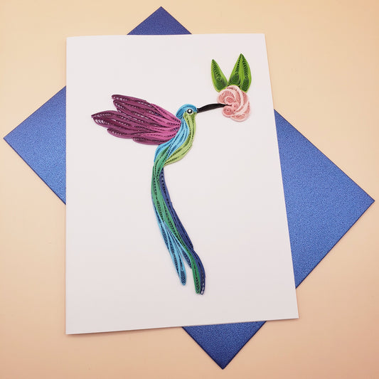 Long-tailed Sylph Hummingbird | Quilled Greeting Card
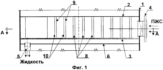 Предлагаемый сепаратор работает следующим образом. ПЖС из нагревательной печи (не показана) по входному патрубку 4 подают в полость сепаратора, при этом скорость ее резко снижается. Сплошная жидкая фаза ПЖС проходит через перфорацию нижней крышки 3, стекает в поддон 6 и через сливной патрубок 5 поступает на отпарную тарелку колонны (не показана). Паровая фаза ПЖС с захваченной капельной жидкостью поступает в зазоры между полыми элементами 8 и движется к боковым выходам из пакетов. При движении между полыми элементами 8 тяжелая часть потока (капли жидкой фазы) под действием центробежной силы прижимается к перфорированным пластинам 9 и проходит в ограниченное пространство между пластинами 9 и 10, а затем через нижнюю перфорированную крышку 3 – в поддон 6 и через сливной патрубок 5 – на отпарную тарелку ректификационной колонны 1. Та часть пленки жидкости, которая не успела пройти через перфорацию стенки 9, задерживается пластинкой 11 и также проваливается вниз. Легкая паровая фаза отделяется от капельной жидкости и устремляется через зазоры между полыми элементами 8 в свободное пространство колонны.
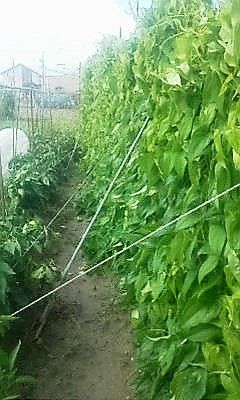 今日は、丹波黒豆に追肥・土寄せ・転倒防止作業を行った既に、不織布は取り除きアーチ形の骨だけが残してありますこれはそのまま、転倒防止に転用します左畝:直播き右畝:今年始めてトライした「挿し木」挿し木は、成長が遅いようだ花が咲き始めていました挿し木の方が沢山蕾があるようだでもまだ、優劣の判定はもう少し先だな少し作業が遅かったが、追肥(少々)そして根元に土寄せをした最後に紐で全部を囲いました全ての骨を支えに活用こんな感じで・・2畝終了です後は虫対策の消毒を、明日辺りにでもしておきますこれで、丹波黒豆は収穫を待つのみ ほなぁ~
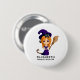 Um botão com uma bruxa bonita vestindo um chapéu de bruxa roxa. Seu gato preto descansando em cima da cabeça. Ela tem cabelo laranja longo e é carregando vassoura. Ótima ilustração de desenho animado perfeita para halloween.
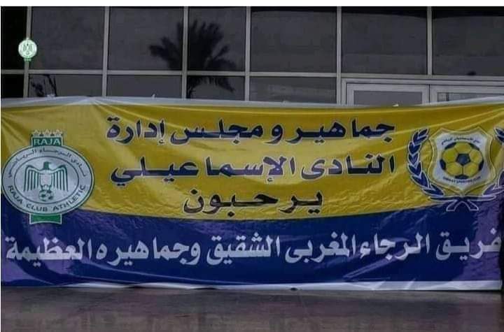 ورفعت جماهير الدراويش لافتة وعلقت عليها: “جماهير ومجلس إدارة النادي الإسماعيلي يرحبون بفريق الرجاء المغربي الشقيق وجماهيره العظيمة”.
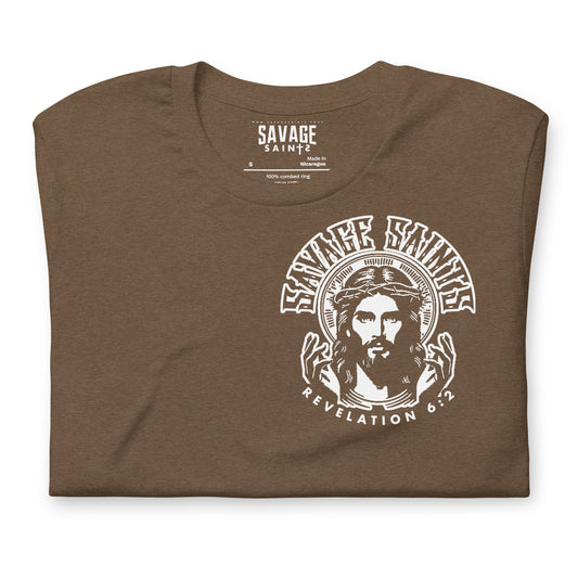CROWNED TO CONQUER [REV 6:2] BROWN TEE
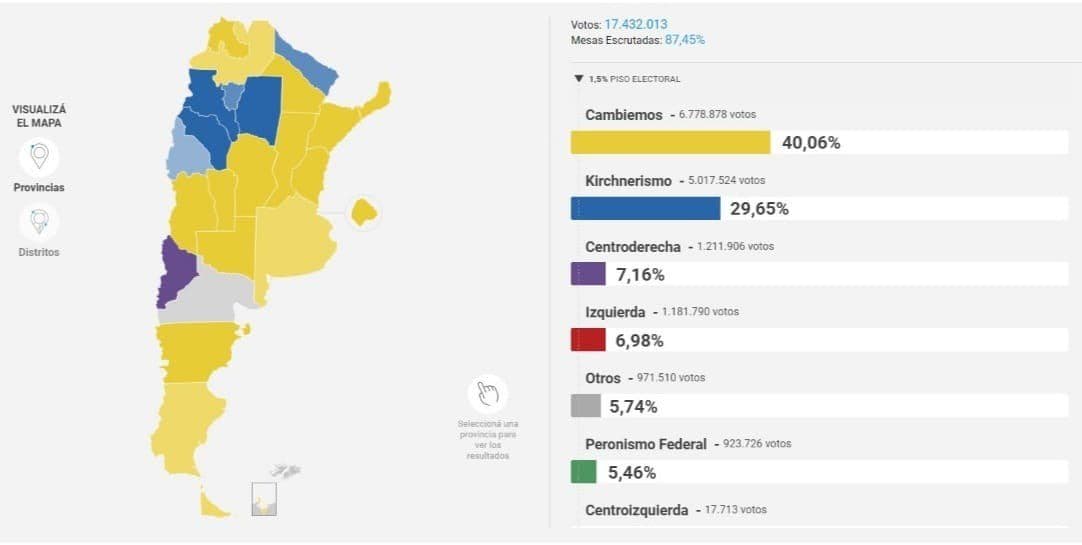 El Frente de Todos, que había planteado las elecciones primarias como un plebiscito de su gestión, sufrió una fuerte derrota incluso en distritos históricamente afines, como las provincias Santa Cruz y de Chaco. A nivel país, la coalición gobernante obtuvo un magro 30% de los votos, contra un 40% del frente macrista. La caída en la provincia de Buenos Aires, por 33% contra el 38% de «Juntos», perdiendo en 7 de las 8 secciones electorales, enciende alarmas rojas en la coalición gobernante.
=====
- [PROBLEM STATEMENT] Pictures are to be dropped; the lines from the start of the entries above through the line with "今日は、丹波黒豆に追肥・土寄" are to be given again verbatim.

- [OUTPUT OF THE TASK]
 Long-tailed Sylph Hummingbird | Quilled Greeting Card
 Предлагаемый сепаратор работает следующим образом. ПЖС из нагревательной печи (не показана) по входному патрубку 4 подают в полость сепаратора, при этом скорость ее резко снижается. Сплошная жидкая фаза ПЖС проходит через перфорацию нижней крышки 3, стекает в поддон 6 и через сливной патрубок 5 поступает на отпарную тарелку колонны (не показана). Паровая фаза ПЖС с захваченной капельной жидкостью поступает в зазоры между полыми элементами 8 и движется к боковым выходам из пакетов. При движении между полыми элементами 8 тяжелая часть потока (капли жидкой фазы) под действием центробежной силы прижимается к перфорированным пластинам 9 и проходит в ограниченное пространство между пластинами 9 и 10, а затем через нижнюю перфорированную крышку 3 – в поддон 6 и через сливной патрубок 5 – на отпарную тарелку ректификационной колонны 1. Та часть пленки жидкости, которая не успела пройти через перфорацию стенки 9, задерживается пластинкой 11 и также проваливается вниз. Легкая паровая фаза отделяется от капельной жидкости и устремляется через зазоры между полыми элементами 8 в свободное пространство колонны.
 今日は、丹波黒豆に追肥・土寄せ・転倒防止作業を行った既に、不織布は取り除きアーチ形の骨だけが残してありますこれはそのまま、転倒防止に転用します左畝:直播き右畝:今年始めてトライした「挿し木」挿し木は、成長が遅いようだ花が咲き始めていました挿し木の方が沢山蕾があるようだでもまだ、優劣の判定はもう少し先だな少し作業が遅かったが、追肥(少々)そして根元に土寄せをした最後に紐で全部を囲いました全ての骨を支えに活用こんな感じで・・2畝終了です後は虫対策の消毒を、明日辺りにでもしておきますこれで、丹波黒豆は収穫を待つのみ ほなぁ~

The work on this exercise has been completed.